Cette retraite démocratique laisse un pays comme la Nouvelle-Zélande dans une minorité mondiale. Si Trump cible la région ou le pays avec des tarifs économiques, cette précarité pourrait augmenter.

D'un autre côté, les ordres mondiaux précédents n'ont pas été vraiment hégémoniques. Pax Britannica n'a pas englobé le monde entier. Pax Americana, qui n'incluait pas la Chine, l'Inde, l'ancien bloc soviétique, une grande partie du monde islamique et de nombreux pays en développement.

Cela suggère que des poches de démocratie peuvent survivre au sein d'une PAX autocratica, en particulier dans un monde multipolaire qui est plus tolérant à l'indépendance politique.

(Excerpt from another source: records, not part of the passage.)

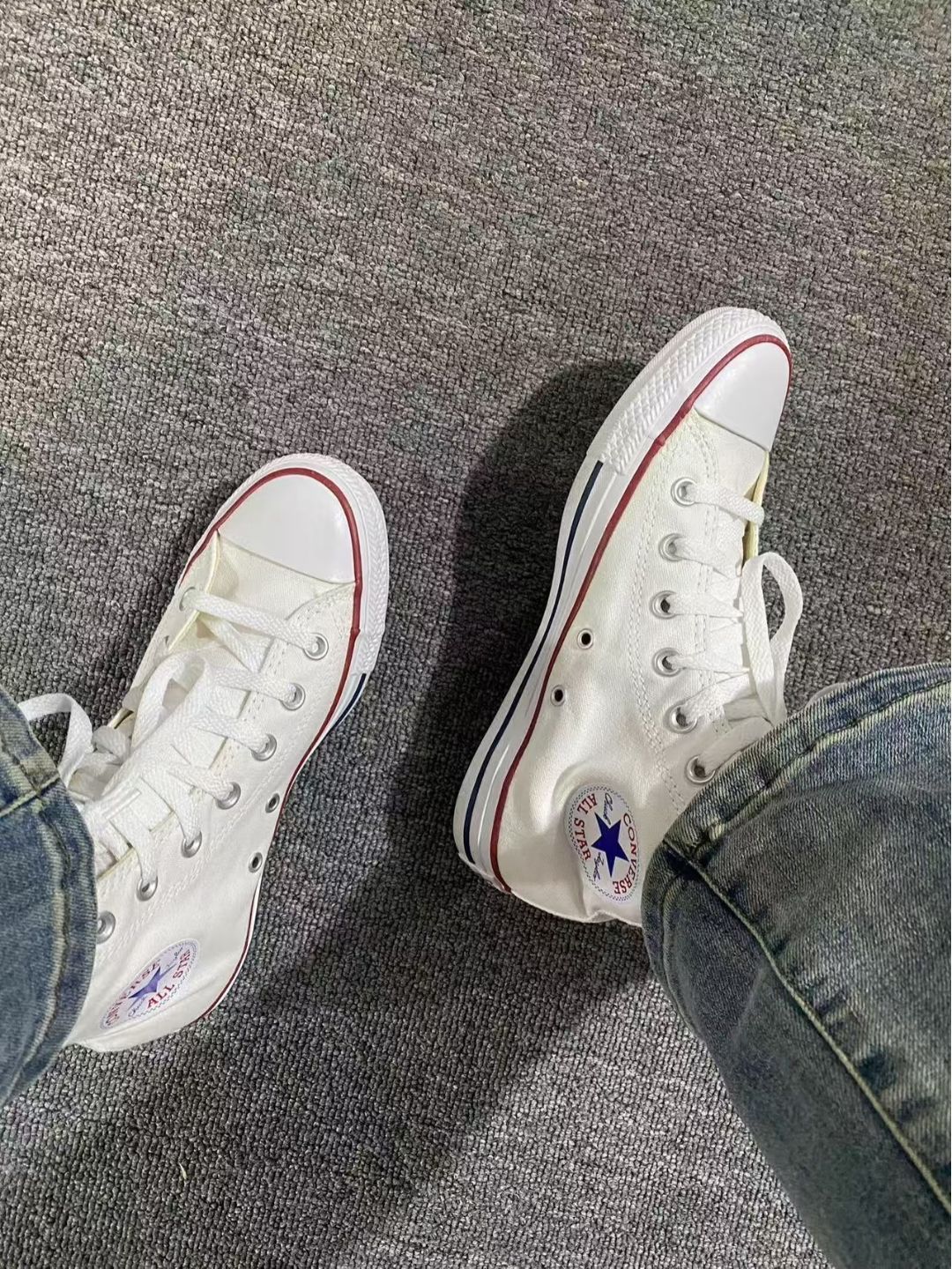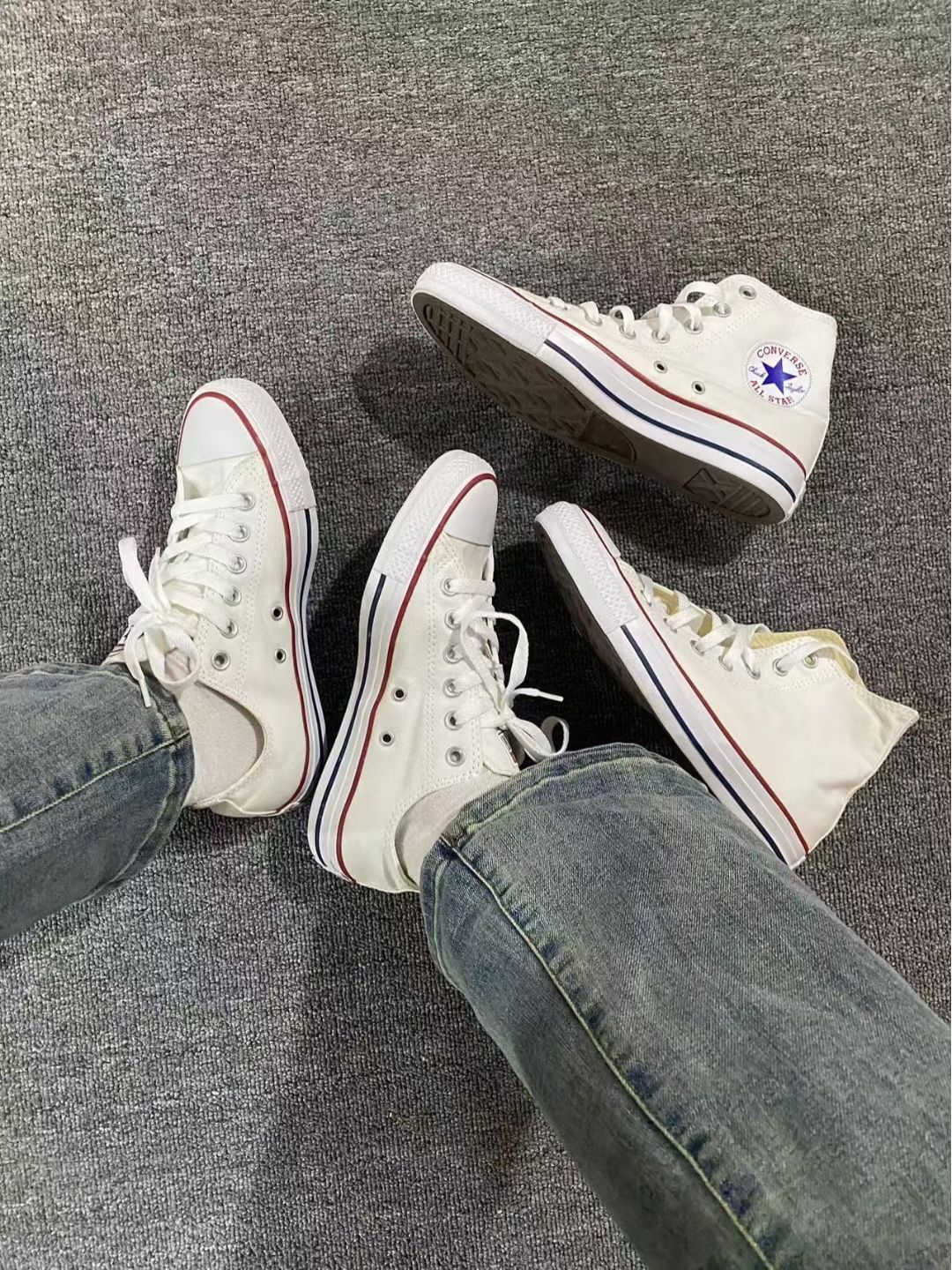 想看看大家是怎么搭配匡威小白鞋的 一直特别喜欢白色高帮匡威 终于薅羊毛了 想看看大家是怎么搭配的🛒好物名称: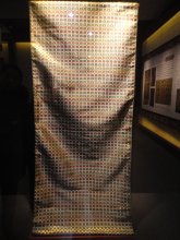 龍袍上17條龍使用了真金線和包裹了孔雀羽的絲線原料。真金線首先要把金塊制成金箔。兩人相對而坐,輪流舉錘,經(jīng)過3萬多下的錘打,把一塊厚重的黃金,變成輕如鴻毛的金箔,再把金箔粘在一種特殊紙張上,壓緊拋光,最后裁成條,剝出金線,和蠶絲相互纏繞,捻搓成金絲線。這件“孔雀羽織金妝花紗龍袍”復制品于1985年送展日本筑波科技世博會。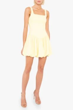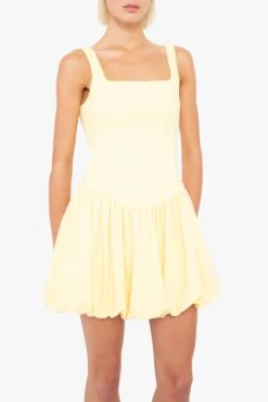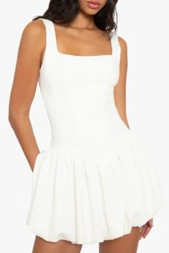 The Birdie Mini Dress is crafted in stretch super loft woven, this mini dress is all about structure and movement. It features a crisp square neckline and a corset-seamed bodice that creates a sculpted fit. The drop waist flows into a playful bubble skirt, adding volume and personality to the look. A go-to piece for when you want something fun, but with a sharp finish.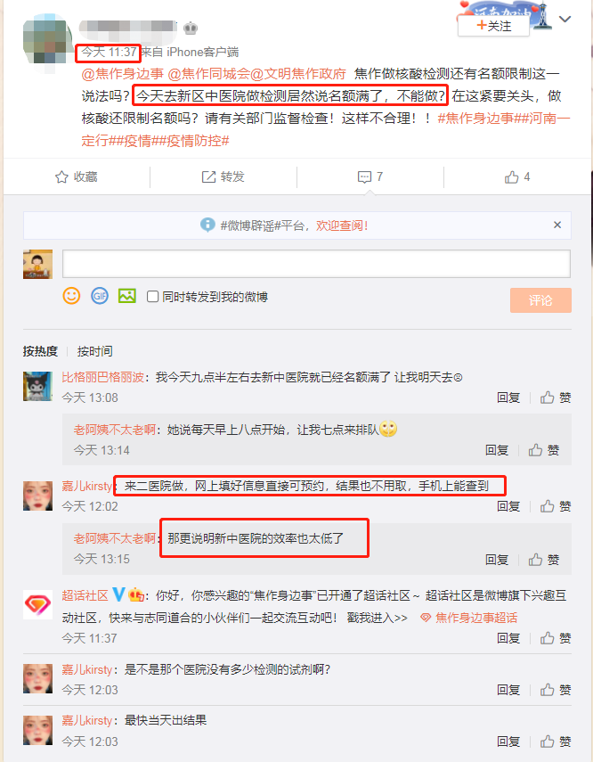 今日,有焦作市民在网上发帖,在新区中医院做核酸检测被告知名额满了不能做。对此现象网友表示不解,疫情防控都到紧要关头了做核酸检测还限制名额吗? 如今焦作疫情防控形势较为严峻,据网友反映上述核酸检测点普遍 ...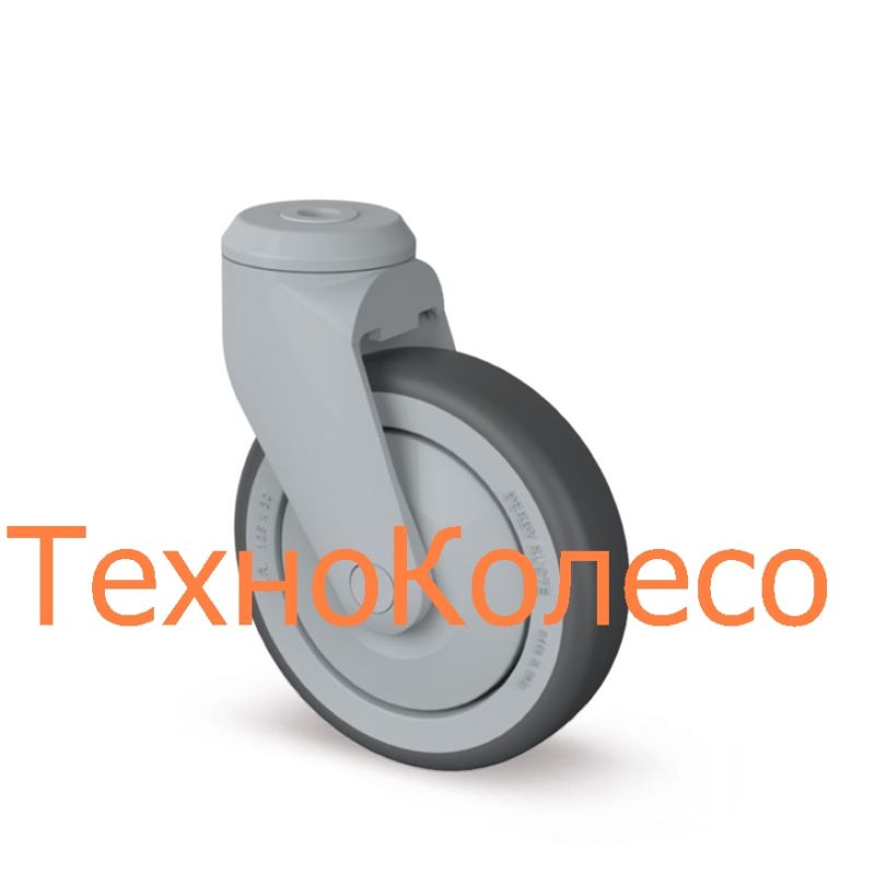 Колеса MGO-MGP: основание колес из полипропилена, контактный слой из серой, не оставляющей следов термопластичной резины (твердость 88 Шор А), втулка скольжения (MGO) или шариковые подшипники (MGP) в ступице колеса.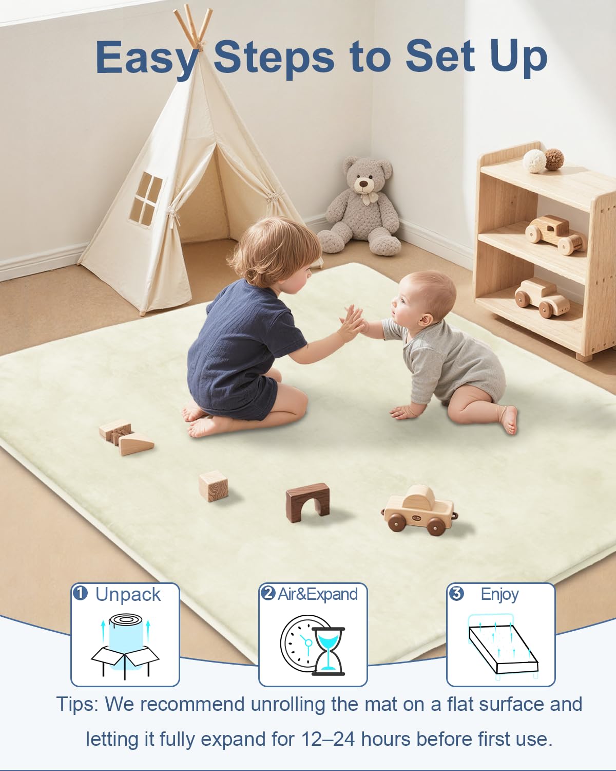 Easy Care: The play mat will expand quickly upon opening. Lay it flat for 12-24 hours before use. For daily cleaning, gently pat to remove dust or use a vacuum with a soft brush. Avoid direct sunlight for drying to maintain its quality.

L'indice de démocratie 2023 de l'économiste du renseignement de l'économie a classé la Nouvelle-Zélande, les pays nordiques, la Suisse, l'Islande et l'Irlande le plus élevé parce que leurs citoyens

Choisissez leurs dirigeants politiques lors d'élections libres et équitables, profitez des libertés civiles, préfèrent la démocratie aux autres systèmes politiques, peuvent et participent à la politique, et d'avoir un gouvernement fonctionnel qui agit en leur nom.

Ce sont ces pays qui peuvent être à l'avant-garde de la résilience démocratique.